CT commercial rates — already among the highest in the lower 48 at 18-20¢/kWh — face additional upward pressure from capacity reform. Eversource's distribution rate case compounds the wholesale market changes. The CT PURA has been vocal about cost containment; expect regulatory scrutiny on how prompt auction costs are passed through to commercial tariffs.

New Hampshire

The DASI ancillary services cost overrun ($921M — which we covered extensively) has already eroded rate confidence in NH. Governor transparency reform demands apply directly to the capacity market transition: NH stakeholders will demand clear accounting of how the shift from FCM to prompt affects the capacity portion of commercial bills.

Maine, Rhode Island, Vermont

These smaller states face proportionally smaller absolute costs but have fewer competitive retail options. VT's unique structure (Burlington Electric Department is not a full ISO-NE market participant) partially insulates commercial ratepayers. ME and RI commercial customers should lock current-term contracts before June 2028 uncertainty introduces risk premiums.

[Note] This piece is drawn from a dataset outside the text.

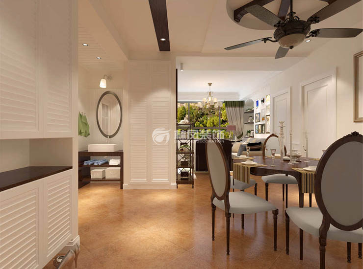 三室两厅一厨两卫,高层整体采用美式风格,色调以深色为主,体现美式的居家感和温馨感。

Action Items for New England Commercial Buyers

  • Extend Current Contracts Through June 2028: If your commercial electricity contract expires in 2027, negotiate an extension through at least May 2028 to avoid the uncertainty window around the first prompt auction. Fixed-price options expiring beyond June 2028 are already limited.
  • Request Capacity Cost Breakdowns: Ask your supplier to show the capacity component of your rate separately. Understanding your baseline capacity cost (~$3-4/MWh at current FCM clearing prices) enables you to model the potential impact of higher prompt auction clearing.
  • Evaluate Demand Response: The prompt auction increases the value of demand response in ISO-NE. If your facility can curtail 100+ kW during system peaks, enrollment in a demand response program could generate $10,000-$25,000/year in capacity credit revenue — effectively offsetting the higher capacity charges you'll pay on your supply contract.
  • Track Phase 2 (Seasonal Auctions): The winter capacity premium — expected with Phase 2 in late 2026 — will be the most significant cost impact. If your business operates 24/7 through winter, consider behind-the-meter backup generation (propane or dual-fuel) to reduce your winter capacity tag.